The Daily Mail could end Brexit

The recent news that the Daily Mail has bought the i newspaper for £49.6m has caused alarm and dismay to many. Is this the latest example of the extreme right tightening their grip on Britain’s print media, 80% of which they already own? It was, after all, the Mail’s long running, vengeful and ferocious campaign against the EU, under Paul Dacre’s editorship, that set the scene for Brexit.

It may be that Dacre finally overstepped the mark with his “enemies of the people” attack on our top judges, or it may be that his particular brand of burning anger was no longer necessary once the worst of his work was successfully done; at any rate many hoped that his replacement by the more pragmatic Geordie Greig would signal a change of heart at Britain’s most popular daily, and a less toxic approach.

Support for this view comes from a leading article in the British Medical Journal, and raises the interesting possibility that the Mail might one day be in the vanguard of a drive to reverse the worst calamity it ever backed: Brexit. The argument is that if the paper has seen the light and abandoned its long term support of the anti-vaxx lobby, anything is possible.

Last month, under Geordie Greig’s direction, the newspaper launched a campaign – praised by the health secretary Matt Hancock – to promote the combined measles, mumps and rubella (MMR) vaccine, and “reassure parents that vaccines, particularly MMR, are safe and vital.” Measles, which can be a killer, has returned to Britain following false claims by rogue doctor Andrew Wakefield.

Wakefield was struck off the medical register in 2010 for dishonesty and irresponsibility, having fraudulently claimed a link between the vaccine and autism. Many parents were frightened into not giving their children its protection.

“Knowing what we know now, the Wakefield study should never have been given such credence – and that is a matter of profound regret” said the Mail.

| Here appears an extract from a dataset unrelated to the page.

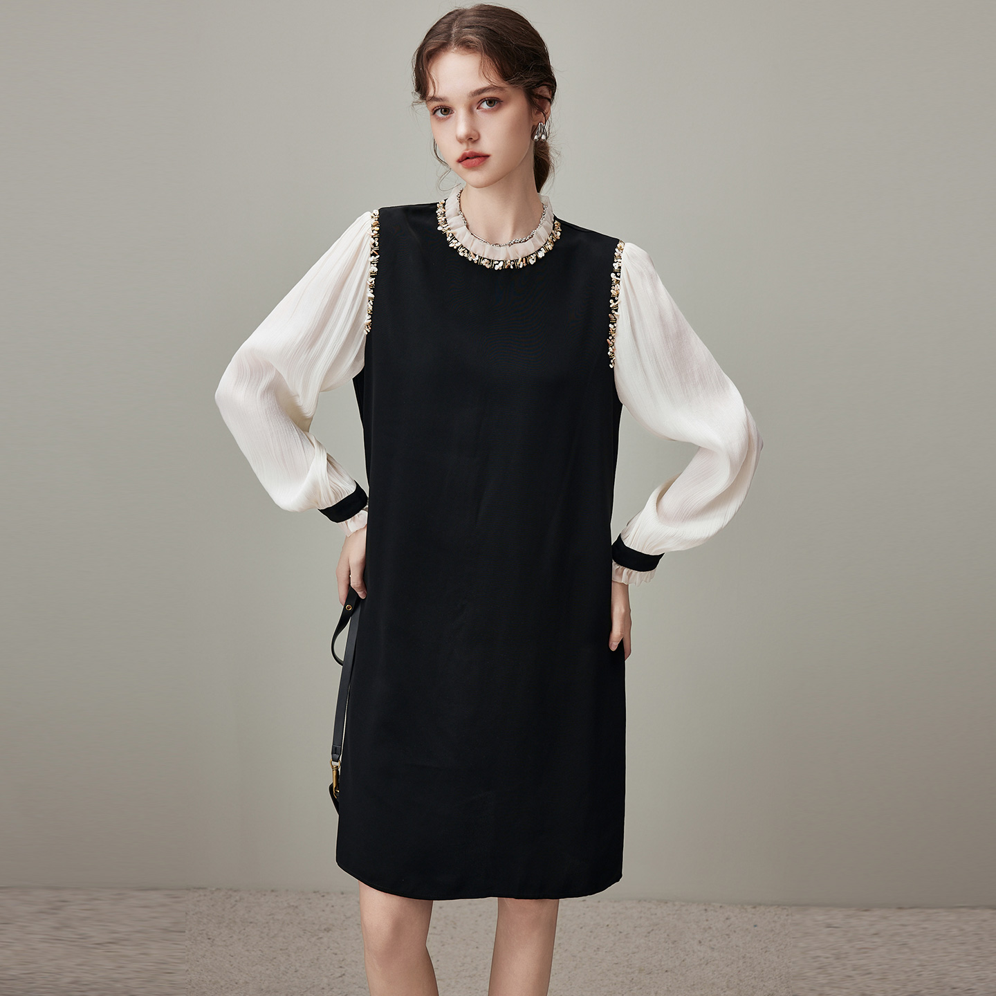 dfvc气质撞色拼接长袖连衣裙女2025年秋季新款小个子显瘦直筒裙子
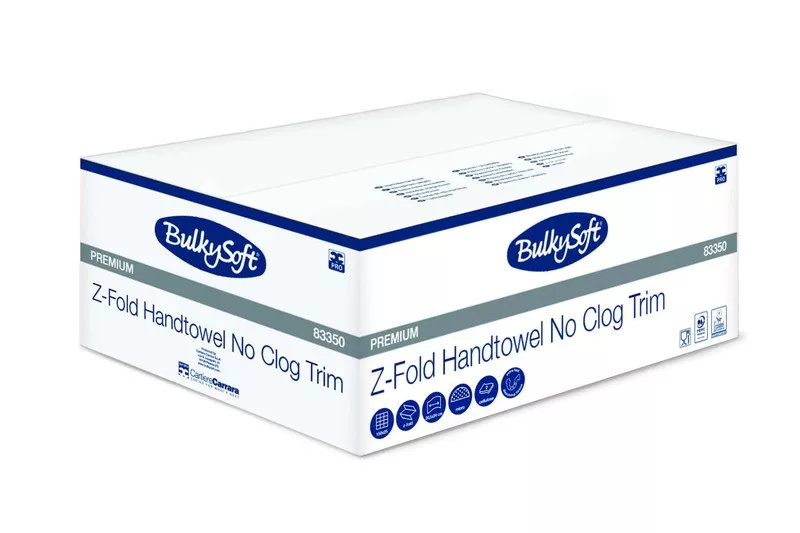 BulkySoft Premium Z ''No Clog'' extra gyorsan oldódó hajtogatott kéztörlő, 2 rétegű, hófehér, 20,5x24 cm, 150 lap, 100% cellulóz, 25 csomag/karton

Wakefield himself was unabashed, and being possessed of a charming nature he has retained many followers and admirers, including, it is said, Donald Trump. For Andrew Wakefield read Boris Johnson, for the MMR vaccine read the protections that the EU affords us, and for frightened parents read voters fearing an invasion by immigrants. The parallels become clear.

According to an accompanying article, the anti-vaccine lobby is fuelled by various factors, which include a mistrust of official advice. Many Leavers share that scepticism. We’ve had enough of experts, as Gove put it. But newspapers know how to get across to their readers.

Although the safety of the MMR vaccine was conclusively proved in 2005, the Mail continued to support anti-vaxxers for another 10 years, insisting that doctors were talking “a load of old baloney”. That was under its former editor but all the same, I can’t see a turnaround on Brexit by the Mail or any of our rightwing dailies in the near future, especially if we lose the battle on December 12th. Brexit is a slow virus, which will continue to produce a gradual decline, and its ill effects will be blamed on other things.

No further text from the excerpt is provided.